- [EXERCISE REQUIREMENTS]:
Exactly the lines from the start of the data below through the line that contains "ZWO ADCとCMOSカメ" are to be copied, with pictures left out.

- [DATA EXCERPT]:
========================================================================
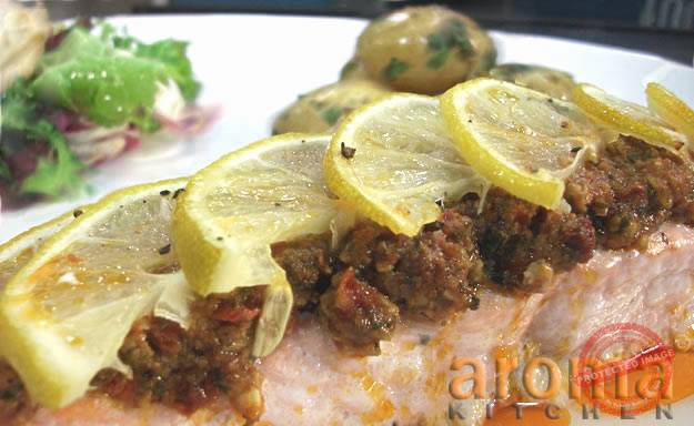 Salmon fillets with home made sun-dried tomato and walnut pesto
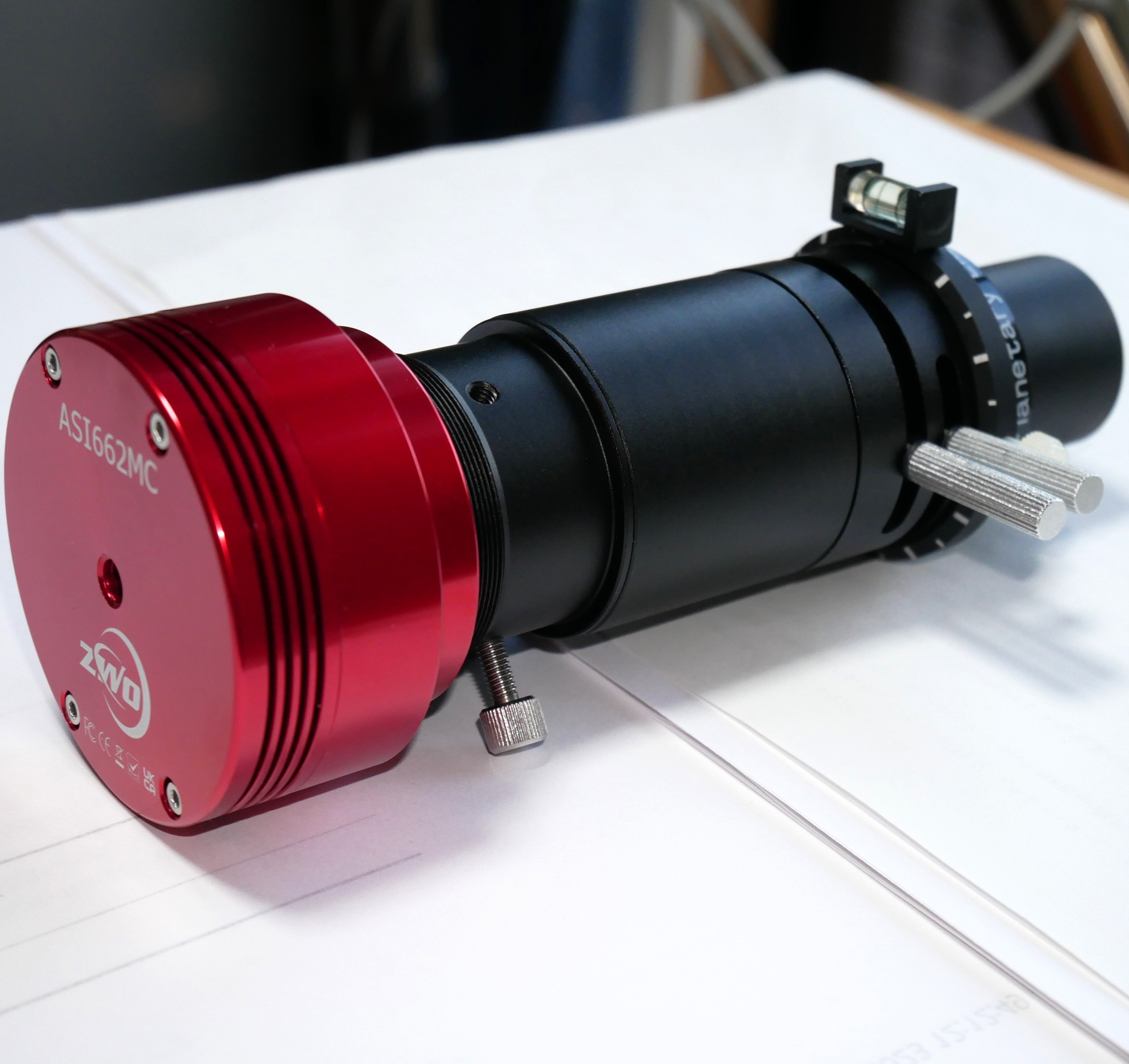 ZWO ADCとCMOSカメラの間にL40mmのT2ネジ延長筒を挿入することで拡大率2.5倍となります。
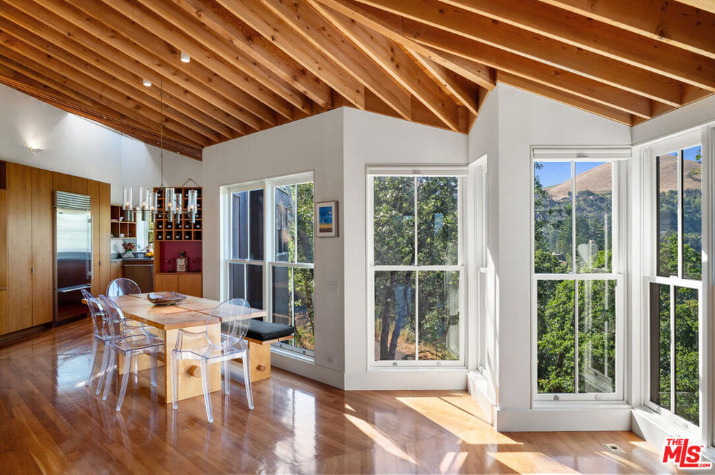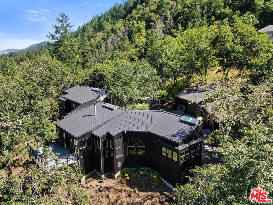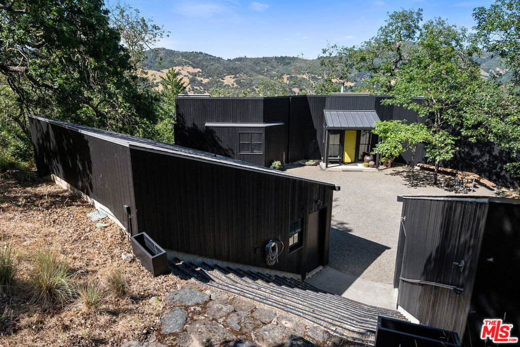 Welcome to unparalleled sanctuary spread across over 47 acres of pristine land. Designed by renowned architect William Turnbull, the 2,500-square-foot main house seamlessly integrates with the surrounding landscape. The gated and secure driveway leads up from the valley below to a courtyard formed by 2 separate garages and by the tall wall of the house. A masterpiece of design featuring two spacious bedrooms, open floorpan with gourmet kitchen - SubZero fridge, Dacor gas range, Miele dishwasher & wood burning fireplace. Clad in vertical 2x6 tongue and groove cedar boards, the house harmoniously curves along the contours of the hillside, creating a captivating visual harmony. Step into the thoughtfully designed interiors featuring exquisite details and premium materials. A striking window wall bathes the main living area in natural light, while exposed Douglas fir decking, vertical grain Douglas fir plywood cabinets, and cherry floors imbue the space with warmth and sophistication. The master bedroom offers a serene escape with a cedar soaking tub, or ofuro, nestled in a window-clad alcove, providing a tranquil oasis just steps from the bed. Enjoy outdoor living at its finest, where majestic oak trees provide a timeless welcome. A detached 1bdr 1ba guest house with full kitchen and a basement, designed by SF modernists Marquis & Stoller and recently remodeled, offers additional accommodation and is complemented by a private large deck with breathtaking panoramic views. An outdoor pool and a pool house designed by architect Dan Solomon. There is more: Embrace the essence of wine country living with 1 acre of premium Cabernet Sauvignon producing grapes - immediate income (3 vineyard blocks), planted in high-altitude vineyard in the esteemed Mt. Veeder AVA. Additionally, explore the private hiking trail leading to the summit of the mountains, offering panoramic views of Sonoma and Napa valleys. Recent enhancements and modern upgrades: a metal roof - main house, security gate system, ring, nest, panoramic windows, remodeled guest house - freshly painted, new sliding doors. Enhanced Outdoor Spaces: newly constructed observation area adjacent to the guest house, providing a unique vantage point to enjoy the breathtaking landscape. You can dine under under the stars or build an additional structure to enjoy the views. Impeccable Maintenance: All structures have been freshly painted, reflecting meticulous attention to detail and ensuring lasting appeal. Additional Potential: A previous owner left plans to add an 800-square-foot extension to the guest house, offering further opportunities for customization and enhancement. Mt. Veeder is considered also suitable to grow black truffles since climate and underground water resources might be ideal for cultivation conditions. Well is 260 feet deep, it's on top of a hill, gravity fed to the houses. Well pumps water to 10,00 gallon concrete, water tank, free flowing. This is the epitome of luxury living in Napa, offering a harmonious blend of natural beauty, architectural excellence, and modern amenities amidst the tranquil splendor of the Mayacamas Mountains. Gated and fenced with owned pool solar and two Tesla batteries, CellGate Watchman W480, Ring, & Nest. Located minutes to world class wineries and restaurants. A scenic 20 mins drive places you in the heart of Yountville or Glen Ellen in Sonoma. This exquisite property boasts a unique blend of natural splendor, architectural distinction, and modern amenities, making it an ideal haven for discerning buyers who value privacy, a great reputation and serenity.
========================================================================
- [ANSWER]:
 Salmon fillets with home made sun-dried tomato and walnut pesto
 ZWO ADCとCMOSカメラの間にL40mmのT2ネジ延長筒を挿入することで拡大率2.5倍となります。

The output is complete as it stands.